Ce matin, je suis allé relire quelques textes de conférences qu’il a données sur la question du racisme. En 2018, il a prononcé un discours où il invitait l’Église américaine à s’engager dans la transformation des attitudes de son pays en commençant par une transformation intérieure des attitudes personnelles des catholiques eux-mêmes. Il encourageait chacun et chacune à s’engager dans la lutte contre le racisme en commençant d’abord par tisser des relations individuelles avec des gens d’autres races, d’autres ethnies, d’autres religions. J’ai retenu une phrase que je propose à la méditation de tous fidèles de notre diocèse et de toute personne de bonne volonté qui me lira :
« Faites l’effort de connaître quelqu’un d’une autre race,
d’écouter leur histoire,
de marcher dans leurs souliers...
Ensuite, servez-vous des dons que vous avez reçu
pour créer des chances
pour les gens qui vivent aux marges de notre société. »
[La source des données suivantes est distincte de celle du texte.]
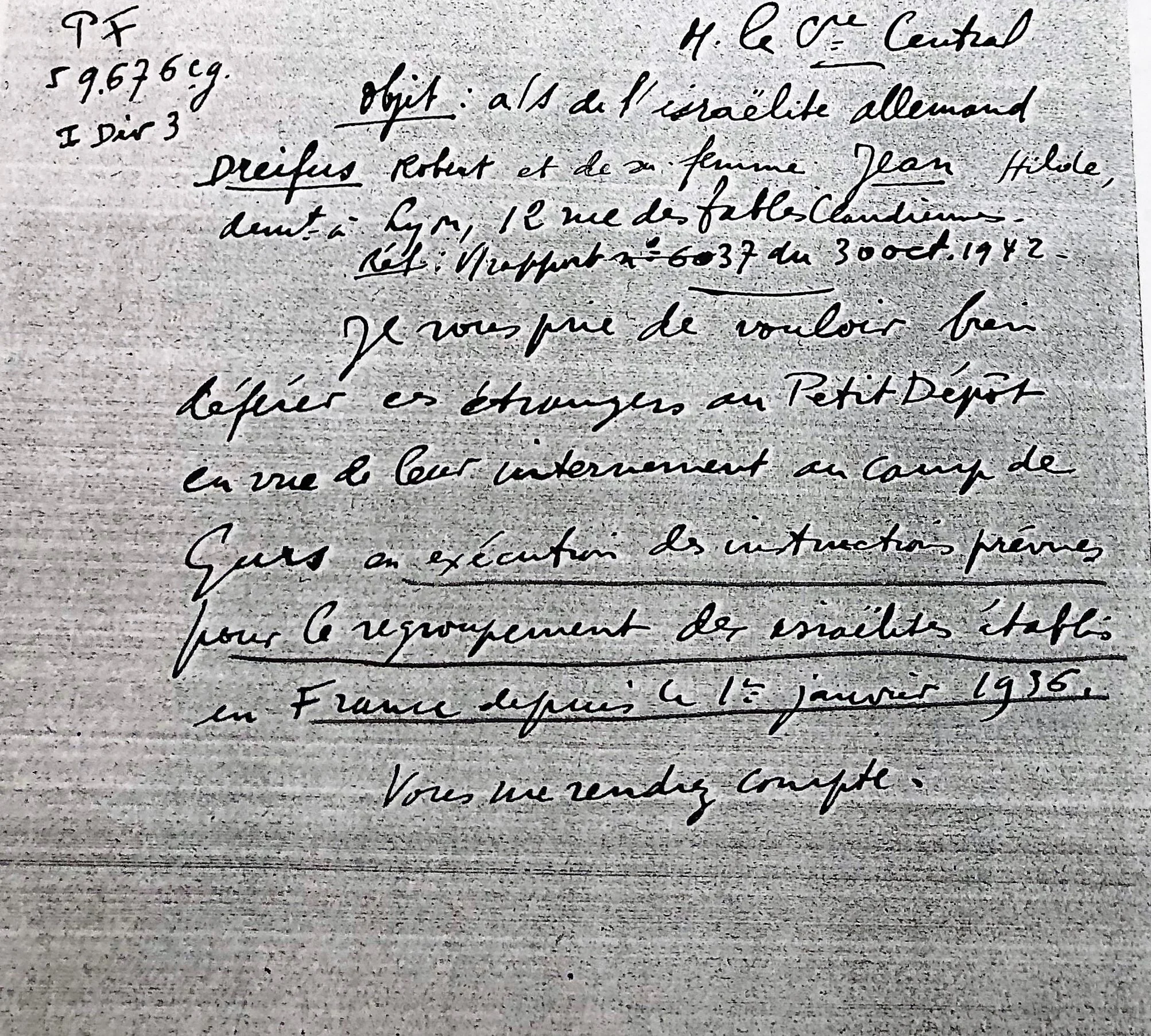 Informations diverses : Fille de Robert (08/02/1900, Pirmasens, Allemagne), dentiste et de Hilde Margarete (née Jean le 26/05/1907, Deux-Ponts ou Zweibrücken, Allemagne), tailleur, qui se sont mariés le 20 décembre 1928 sans doute à Deux-Ponts (à 2 km de la frontière française près de la ville de Bitche, Moselle). Lore dite Nani nait le 20/05/1931 à Deux-Ponts. Le 10-12/11/1938, son père Robert est arrêté et déporté à Dachau du 12/11/1938 au 30/01/1939 avec son frère Arthur et un groupe de Juif. Ils seront expulsés de l’autre côté de la frontière, en France (Source: Karola Streppel, Groupe de travail sur l'histoire des juifs de Pirmasens). Il rentre en France le 27/02/1939 par Forbach. Il est interné au camp de Chambaran (Isère) où il est employé (en temps que dentiste) comme d’autres allemands à des travaux militaires en tant que « prestataires ». Hilde et Lore entrent en France le 29/03/1939 (?) par Forbach avec comme motif leur départ en Uruguay. Elles réside à Paris 18ème , rue de Chartre, Hôtel du Commence jusqu’au 28/04/1939, puis sont venue à Lyon où elle habitent, 12 rue des Tables Claudiennes (Source: Préfecture du Rhône, 02/01/1940). Elles obtiennent un permis de séjour expirant le 31/07/1940. Thekla Stern (née Dreifus) est la soeur de Robert Dreifus et Laure est la cousine germaine de Peter Stern, déporté par le convoi 66.

Nous pouvons nous sentir impuissants devant un phénomène aussi répandu et systémique que le racisme. Nous pouvons nous demander à quoi sert de participer à une manifestation ou à signer une pétition. Nous pouvons même être insouciant devant ce qui se passe, convaincus que le racisme n’existe pas chez nous.
Je vous invite à suivre le conseil de Mgr Murray. Apprenez à connaître quelqu’un d’une autre race ou d’une autre religion, prenez le temps de l’écouter, demandez-lui de vous parler de ses expériences de racisme et d’injustice, ouvrez votre cœur à la réalité des autres. Et je dis cela non seulement pour les gens de race blanche, dont je suis, mais pour toute personne qui désire construire une société plus juste et plus fraternelle.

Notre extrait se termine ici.